Electrophysiology and Antiviral Plaque Assays.

To study whether chirality has an effect on the functional activity against the M2 WT channel, we determined the association constant (k_on), the dissociation constant (k_off), and the binding affinity (K_d) for (R)- and (S)-rimantadine in a two-electrode voltage clamp electrophysiological (TEVC) assay using kinetic studies.^35–37

Drugs bind slowly to the channel, and dissociate very slowly, so special procedures are required to determine the on and off rates. We first applied relatively high concentrations (100 μM) of the test compound to fully inhibit the channel. The second-order rate constant for inhibition (k_on) was determined from the time course of inhibition. The drug is then washed out, and the time required to recover from inhibition was measured to determine k_off. Full-length M2 WT from the amantadine-sensitive Udorn strain was expressed in oocytes, and a low pH 5.5 solution was applied to activate the M2 channel. Next, a pH 5.5 solution containing the testing compound was applied to inhibit the M2 channel. Once the current reached the steady state, compound dissociation was initiated by changing the oocyte bathing solution to pH 5.5 without the drug.
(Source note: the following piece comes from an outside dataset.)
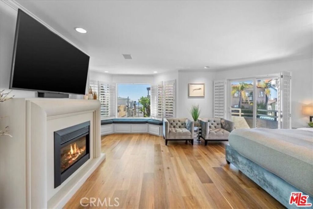 *Available for short term or long term rental 30 days minimum, dates negotiable* Welcome to The Highland Residence, a refined multi-level residence offering ocean and city views, thoughtfully curated living spaces, and a prime location just steps from downtown Manhattan Beach. The entry patio flows seamlessly toward the kitchen, setting the tone for a home designed to entertain with ease. The lower level includes a two-car garage complemented by a dedicated wine cellar, refrigerator, and a discreet laundry area enhanced by a chute from the upper floor. The primary suite is located on second level, same the other guest bedroom and serves as a private retreat. It features a spa-style bathroom with a jetted soaking tub, a shower with five water features, a generous walk-in closet, and a private patio with sweeping beach views. Just beyond the hallway, the additional guest bedroom offers an ensuite bath, walk-in closet, and built-in office. Every bedroom in the home includes its own ensuite bathroom and television. Ideal for everyone to wind down and enjoy their "me" time. The top level is designed for elevated living and entertaining, with a dining and living area that opens to an outdoor barbecue patio. Ocean views extend to the right, while city lights frame the left. A sleek fireplace and kitchen bar anchor the space, creating an ideal setting for sunset gatherings. Notably, this is one of the few homes in Manhattan Beach with air conditioning and is fully integrated with a whole house water filtration, offering modern comfort in one of the area's most sought-after locations. Take our beach cruisers down to the beach for the day and enjoy all of Manhattan Beach's best restaurants, shopping, and bars in the evening.

During the washout, a few pH 8.5 pulses were applied to make sure the current went to baseline to ensure the oocyte quality. The recording traces are shown in Figure 2.

Figure 2.

Rimantadine enantiomers and amantadine binding kinetics against Udorn M2 WT were determined using a combined application and washout procedure TEVC assay. (A) Racemic rimantadine, (B) (R)-rimantadine, (C) (S)-rimantadine, or (D) amantadine was applied to oocytes for 5–7 min after the inward current reached its maximum; then a washout protocol was applied to the oocytes. During the washout, pH 8.5 pulses were applied to make sure the current went to baseline to ensure the oocyte quality. The blue bar above the recording trace indicates the period in which the pH 5.5 Barth solution was applied; the red bar indicates the period in which compounds in pH 5.5 Barth solution was applied. Representative recording traces are shown on the left side of each figure. Data extracted from the recording traces were plotted with an association then dissociation equation in GraphPad Prism 5 as shown on the right side of each figure. The best-fit values are shown in Table 1.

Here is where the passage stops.